▶ Problem description: For this exercise, output exactly the lines from the opening line of the listing through the line with "На Божественной Литургии", skipping pictures.

▶ Provided material:

################

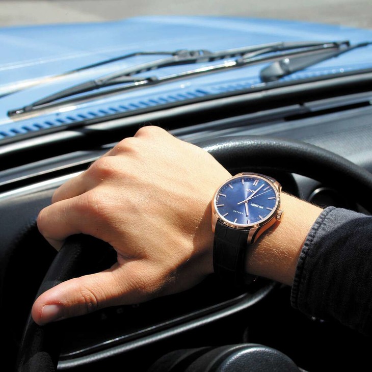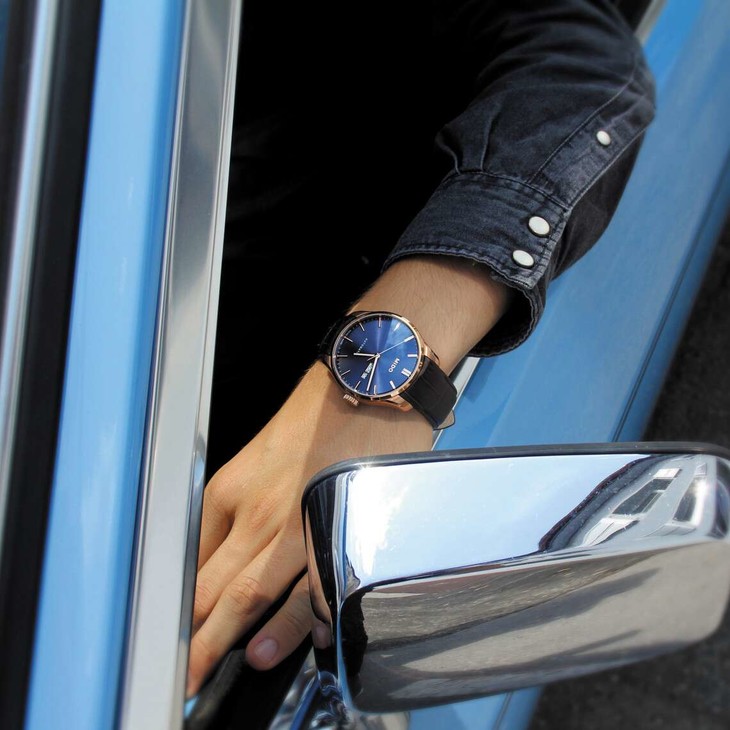 镜面 材质 | 蓝宝石水晶玻璃 | 表盘 | PVD镀玫瑰金表壳 深蓝色表盘 大三针 日期 星期显示 透底 |
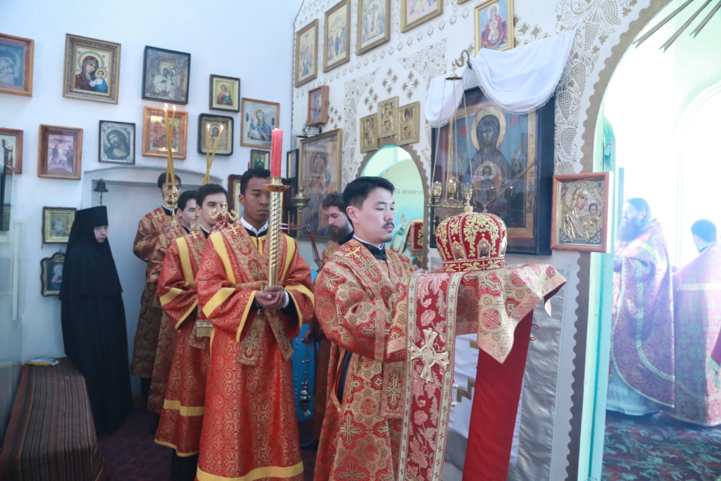 На Божественной Литургии молились и причащались Святых Христовых Таин и.о. настоятельницы женского монастыря монахиня Марионилла (Помельникова) с сестрами обители, прихожане храмов Семипалатинска и паломники и окрестных населенных пунктов.
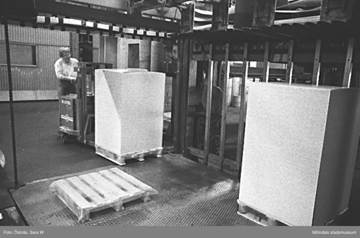 Bilden ingår i serie från produktion och interiör på pappersindustrin Papyrus, 1980-tal.
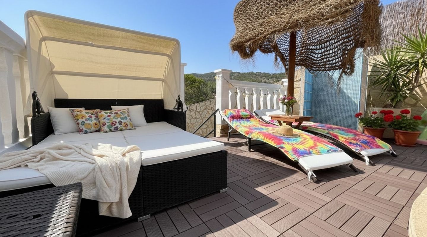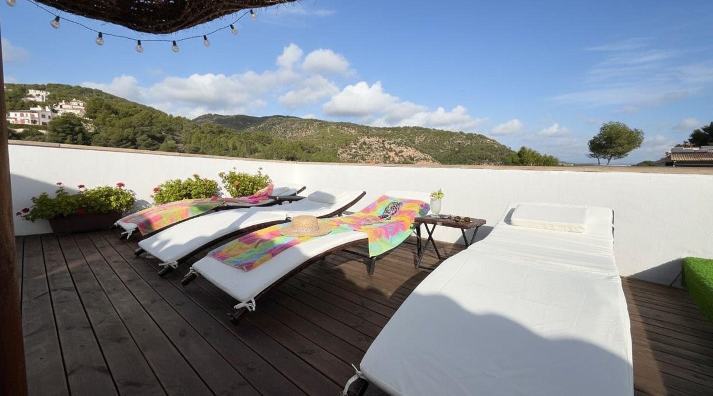 Discover this exclusive villa with stunning views of the sea and Portals Nous, visible from its elegant rooftop chill out, a space designed to enjoy the authentic Mediterranean lifestyle.
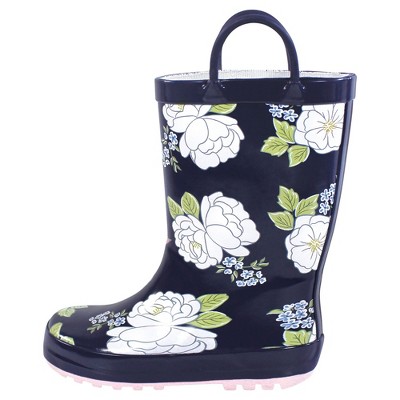 Hudson Baby Girls Rain Boots, Midnight Pink Roses
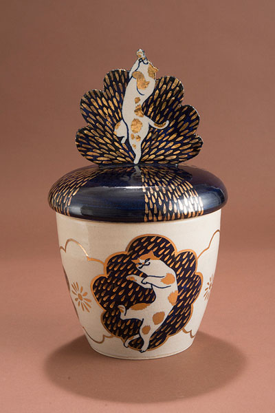 作品No.038 ウハウハ踊り猫紋蓋付き鉢
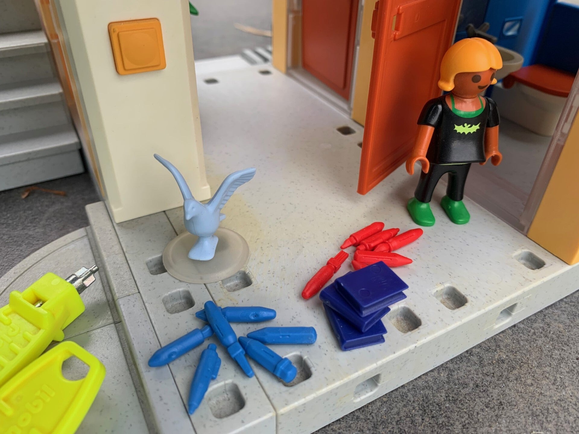 De schoolbel van deze Playmobil basisschool werkt bovendien echt.
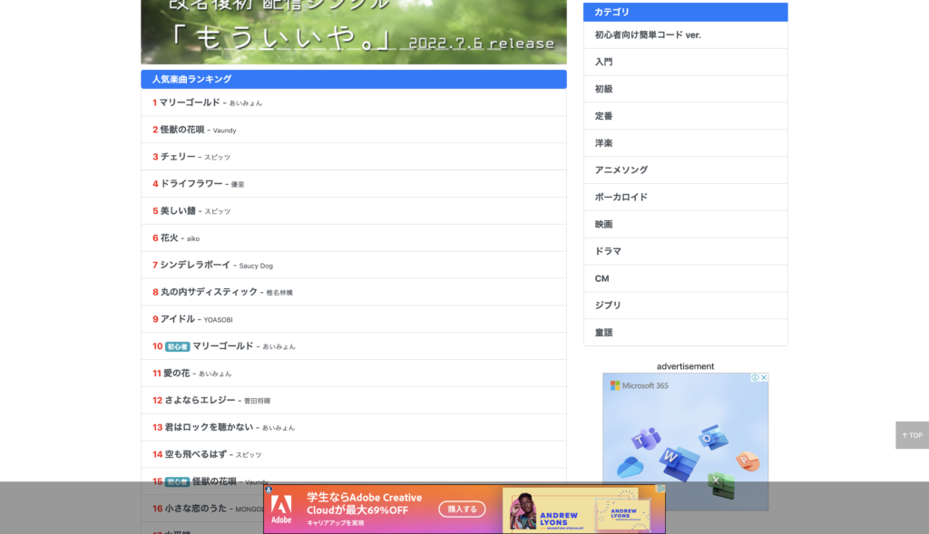 ただ、簡単にコード進行わかる・色んな曲あるとか手軽に弾ける等考えると最高のサイトです。
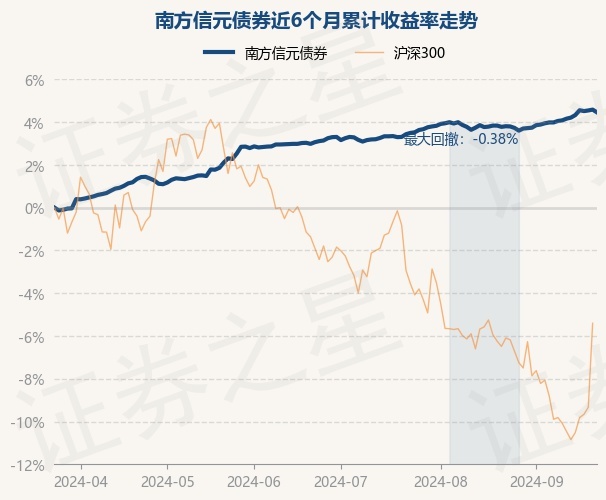 证券之星消息,9月23日,南方信元债券最新单位净值为1.0649元,累计净值为1.1111元,较前一交易日上涨0.04%。历史数据显示该基金近1个月上涨0.76%,近3个月上涨1.55%,近6个月上涨4.58%,近1年上涨7.0%。该基金近6个月的累计收益率走势如下图:
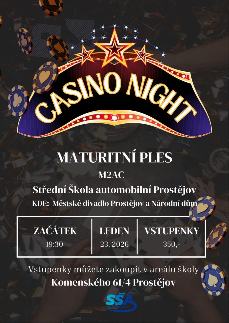 Maturitní ples se bude dne 23.1.2026 od 19:30 v Městském divadle a národním dome Prostějov.
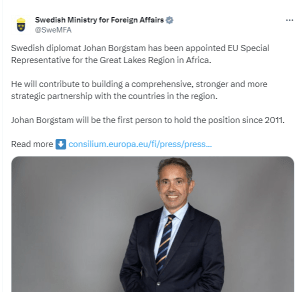 Discussions between Ambassador Borgstam and Rwanda Government officials took place in the framework of his mandate as European Union Special Representative (EUSR) for the Great Lakes region, which include: to support regional mediation and facilitation efforts, such as the Luanda and Nairobi processes and to contribute to building a stronger, comprehensive and more strategic partnership with all the countries in the Great Lakes region, in particular Rwanda, DRC, Burundi and Uganda, to enhance prosperity and security.

################

▶ Result:
 镜面 材质 | 蓝宝石水晶玻璃 | 表盘 | PVD镀玫瑰金表壳 深蓝色表盘 大三针 日期 星期显示 透底 |
 На Божественной Литургии молились и причащались Святых Христовых Таин и.о. настоятельницы женского монастыря монахиня Марионилла (Помельникова) с сестрами обители, прихожане храмов Семипалатинска и паломники и окрестных населенных пунктов.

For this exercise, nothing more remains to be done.